# 12x12x18 any good? If so for what?



## Daniel_Effler (Feb 11, 2021)

This is my first post and I am just beginning research.
I have been considering getting one or two of this size Exo Terra terrarium. I understand that mixing dart frogs is very frowned upon and I would like if possible at least two examples. 
What I am wondering is if there is any beginner friendly species of dart frogs that would thrive in this kind of enclosure as a single specimen or small group, maybe up to trio but I doubt that's possible. 

Forgive me if I do not know the names of any of these species yet. A few that I have seen that I really like are the banded yellow and black or green and black ones, the solid gold yellow ones, and the blue spotted ones. (Please don't hate on me for not knowing these yet) 
Can dark frogs thrive individually?

Could I go even smaller with the terrarium? 12x12x12 maybe? Is there a minimum recommendation? 

Sent from my SM-S767VL using Tapatalk


----------



## Chris S (Apr 12, 2016)

12x12x18 would likely be the bare minimum, but I would suggest aiming for a 18x18x24 Exo Terra instead. It will be more stable, easier to manage and won't restrict the inhabitants you can keep. I will suggest you do some more research on the frogs you are interested in, or more research to determine the ones you may be interested in.


----------



## SimonL (Aug 29, 2020)

I think the frogs you are referring to are dendrobates leucomelas, dendrobates auratus celeste, phyllobates terriblis, and dendrobates auratus blue. Or at least they have the colors you mention. 

From the list above, the leucomela is considered one of the better beginners frogs. The auratus also, but they tend to be a bit more shy. 

Regarding size, the common consensus is that bigger is better. Ideally you want an 18x18x18 for a pair of the afore mentioned frogs.
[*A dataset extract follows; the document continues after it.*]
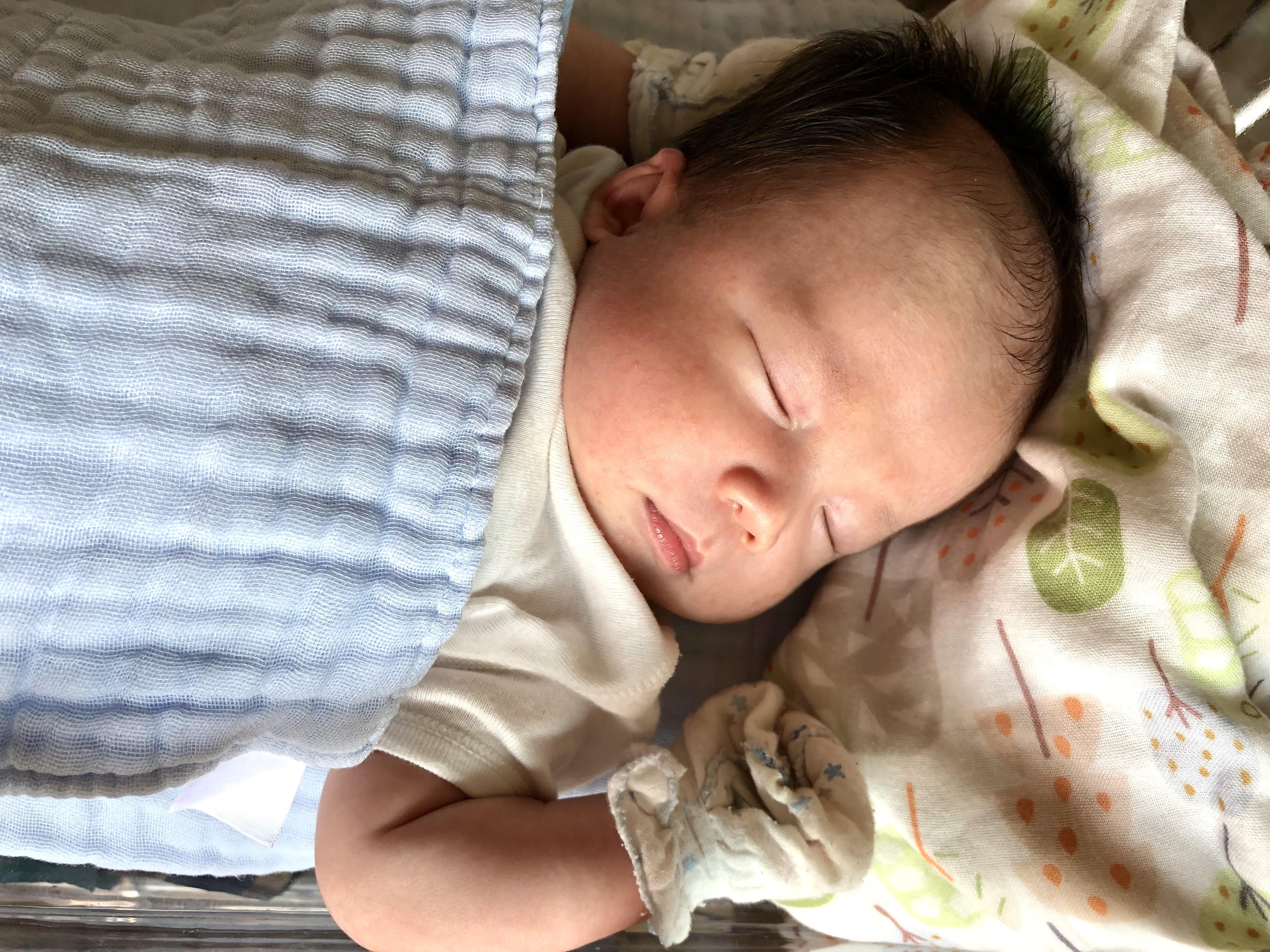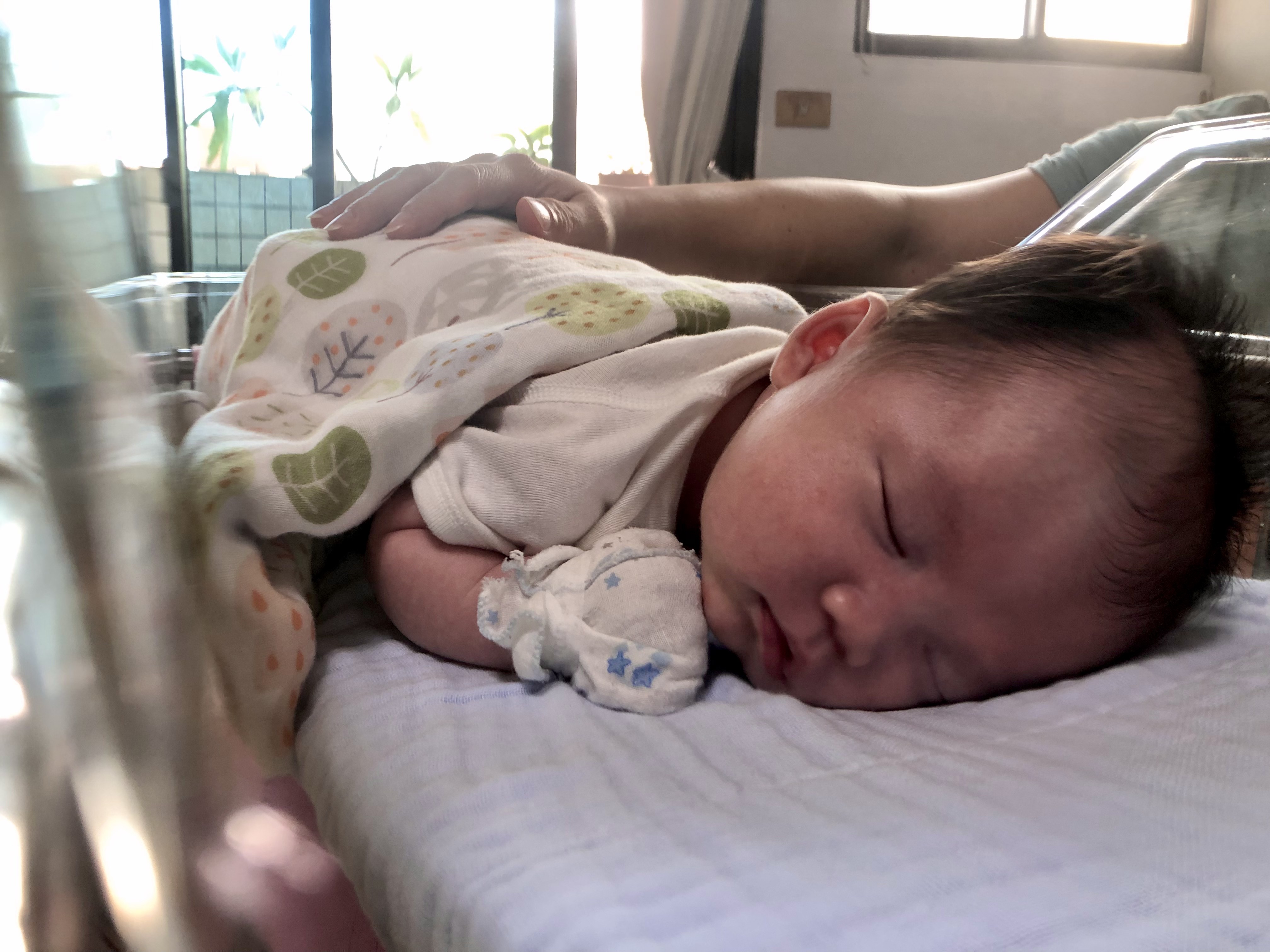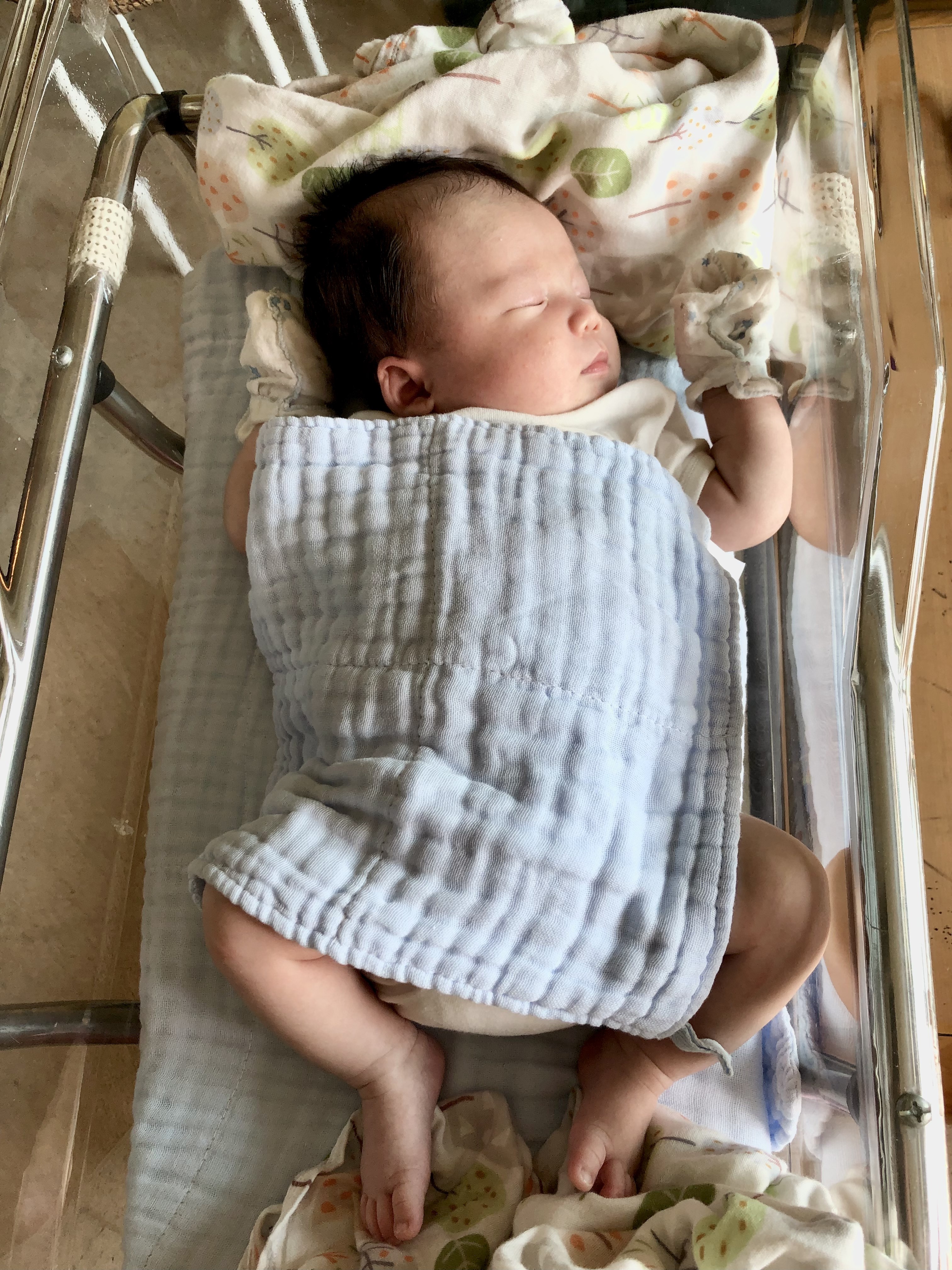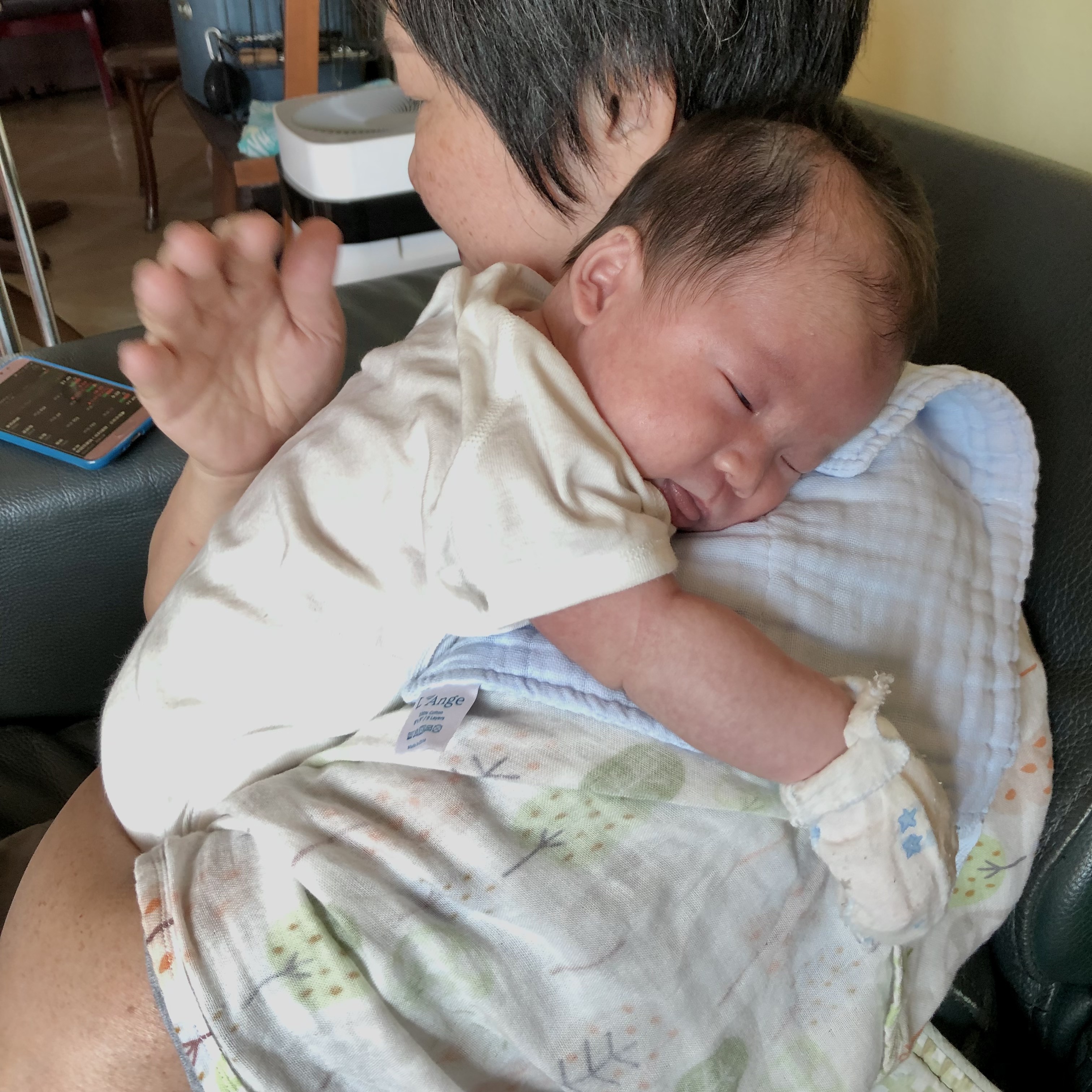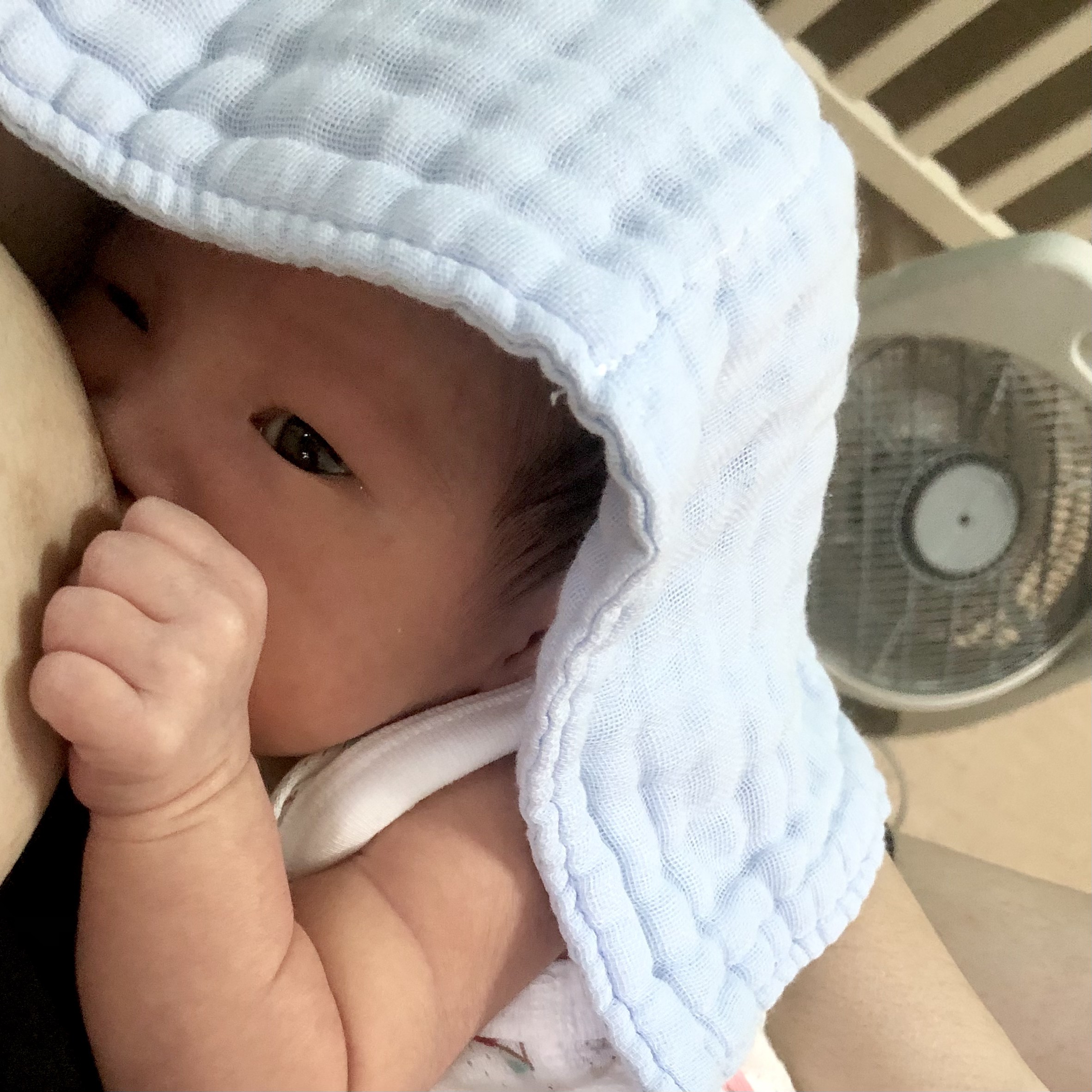 剛出生的寶寶真的好小一隻,一條正方形的小方巾就可以拿來蓋肚肚、擋風,壓塊布在身上也可以讓寶寶有一點安全感。

I have a single dendrobates auratus in an 18x15x24 and whilst it’s ok, I would rather have a bit more space. 12x12x12 is certainly too small as frogs do like to climb a bit, and I think 12x12x18 is also a bit too small. You might be able to get a pair of the smaller Ranitomeya in a 12x12, but again, it’s not real advised and they are not the best beginner frog. Dart frogs don’t really get lonely, but putting the footprint of the two tanks together and making a 24x12x18 would be a nice starting point for a pair of leucomelas (although making it 18 deep as well would be even better)


----------



## Socratic Monologue (Apr 7, 2018)

I highly recommend that you put the enclosure question on the back burner for a while. Read about frog species, people's experiences with them, and see what animal you might like to keep. The cost of the viv is negligible in the grand scheme of things, both in terms of the initial housing and over the ~15 year lifespan of the frogs. Also, by not offering the optimal housing conditions (both in terms of size and other considerations) the risk of dead frogs is considerably higher. In an optimal viv, darts are fairly simple to keep; in a marginal viv, they are very difficult.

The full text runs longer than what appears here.